Burg Jägerhof is the headquarters of the Sedelmeier Development Corporation. We are located in Washington State.
The primary business of our company is to develop construction plans for medieval castles and then construct these castles on suitable sites.
We build these castles from our own engineering drawings that we developed from photographs, existing medieval German castle construction records,
and detailed measurements taken from existing medieval European castles. Of particular interest for this purpose are the 12th and
13th century medieval German, Austrian, and Swiss castles. We strive to recreate typical medieval castles which were built during
this period by the German speaking peoples, although not any particular medieval German, Austrian, or Swiss castle is recreated.
These medieval German castles of this period where chosen for their unique characteristics, structural design and adaptability for our purposes.
OUR SELECTED CASTLE STYLES
From all of the castle styles we have chosen the castles referred to or called Burg as our primary concern. This is because most Burgs were used primarily as a fortified private dwelling and there are hundreds of good examples to examine. And as our castles will be used primarily as private homes or perhaps businesses, it is an excellent match. Several Schloss designs are being examined also and some of the Norman castles will be carefully examined also.
We are in the process of locating existing medieval German, Austrian, Swiss or perhaps a Norman castle to restore to their former splendor. Carefully chosen medieval German castle ruins may also be considered for restoration also. At the present time our search for restorable castles is focused in the German and Austrian mountains regions.
Some of our castles, either those purchased and restored or constructed new will be offered for sale. One or two will remain with in the Corporation.
A BRIEF BURG HISTORY
Since early times a safe home was needed to protect oneself and family from the many dangers of the times. Although the fortified city and walled towns with watch towers can be traced back to more than several centuries B. C. and to many different cultures, it is a certain type of early fortification development that we are primarily concerned. This type of fortification differed from the walled city or the military outposts. In western medieval Europe during the ninth century in the Frankish Empire a type of building called a Burg was developing. These building were designed and built with a combination of military and domestic architecture features. They were usually designed and built for the residence of a nobleman, or other person of social prominence, and his family, workers of many skills, and friends. His primary work was also carried out from this fortified building. In the German language the term burg refers to the English word for castle. These early Burg or castle structures were built primarily with timber and soil on a location that could be defended.
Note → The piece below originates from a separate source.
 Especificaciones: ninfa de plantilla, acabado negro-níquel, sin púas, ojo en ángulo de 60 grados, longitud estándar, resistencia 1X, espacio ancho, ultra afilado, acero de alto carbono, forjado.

These building sites were carefully chosen and the castle built where the castle defenders had a greater defensive advantage than the castle attackers. This usually meant that the castles were built on a high or relatively inaccessible site. These sites provided an excellent place to watch out for visitors. And these sites usually prevented tunneling under the walls and made bringing large siege weapons within effective range very difficult.
But, lacking these types of sites the castle builders sometimes used a water filled ditch called a moat. This moat was built around the castle outside of the outer curtain walls.
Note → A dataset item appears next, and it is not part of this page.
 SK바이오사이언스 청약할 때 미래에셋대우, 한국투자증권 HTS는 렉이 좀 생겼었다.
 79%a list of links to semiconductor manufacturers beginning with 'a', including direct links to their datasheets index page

In time natural and hewn stone or fired clay bricks replaced timber as the primary building material of choice. The main advantage with a stone or brick castle was that it was harder to destroy and once built these castles required much less repair and maintenance. One disadvantage however, is that a stone or brick castle takes longer to construct and costs more to build.
But, stone or brick was a good choice for us also, because those castles built with stone or brick are still there where they were built for us to examine.
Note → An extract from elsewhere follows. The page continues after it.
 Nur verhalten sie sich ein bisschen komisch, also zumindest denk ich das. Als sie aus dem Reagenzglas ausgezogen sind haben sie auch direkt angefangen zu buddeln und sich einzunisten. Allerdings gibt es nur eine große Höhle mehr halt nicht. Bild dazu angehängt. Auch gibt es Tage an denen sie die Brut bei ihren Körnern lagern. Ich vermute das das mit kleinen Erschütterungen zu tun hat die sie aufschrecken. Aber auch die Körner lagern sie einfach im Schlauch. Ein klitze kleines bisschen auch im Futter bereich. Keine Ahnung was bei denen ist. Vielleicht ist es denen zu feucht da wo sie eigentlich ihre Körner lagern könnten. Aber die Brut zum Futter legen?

The castles called Burg are primarily located in the German speaking and former German speaking areas of Europe. Many of these castles which were built during the Middle Ages (500 to 1500 AD) and survive today. The Middle Ages was a long time in European history of great social unrest and a constant battling for control of people and land. This unrest required a safe place to live and work. And a fortified place called a castle that was developed and refined over the years was just this relatively safe place.
In fact the word castle is derived from the Latin castellum: fortress, a diminutive of castrum: a fortified place. These fortified places provided a great degree of safety.
Strong castles relied primarily upon a passive means of defense to defend themselves when danger threaten. These defensive measures were to severely restrict or prevent unwanted access to the inside of the castle by unwanted visitors. This was primarily accomplished by the strategic placement, design and construction of the castle. However, when necessary, an active means of defense was readily used as well. Then active defensive measures included plenty of hand weapons, such as the long bow and plenty of arrows, crossbows and bolts, battle axes, spears, Greeks fire, knights and other warriors, men-at-arms, peasant conscripts, commoners, and many fist-sized rocks. In addition siege weapons such as the bolt-firing Ballista and the rock-hurling Catapult were sometimes utilized as defensive weapons during an attack or a siege.
And somewhere in the scheme of things the castle defenders would have had to plan for possibility of a starvation siege or a blockade. This is because some castles could not be overtaken by any other means. And several well designed, strongly built and properly defended castles have never been defeated in battle.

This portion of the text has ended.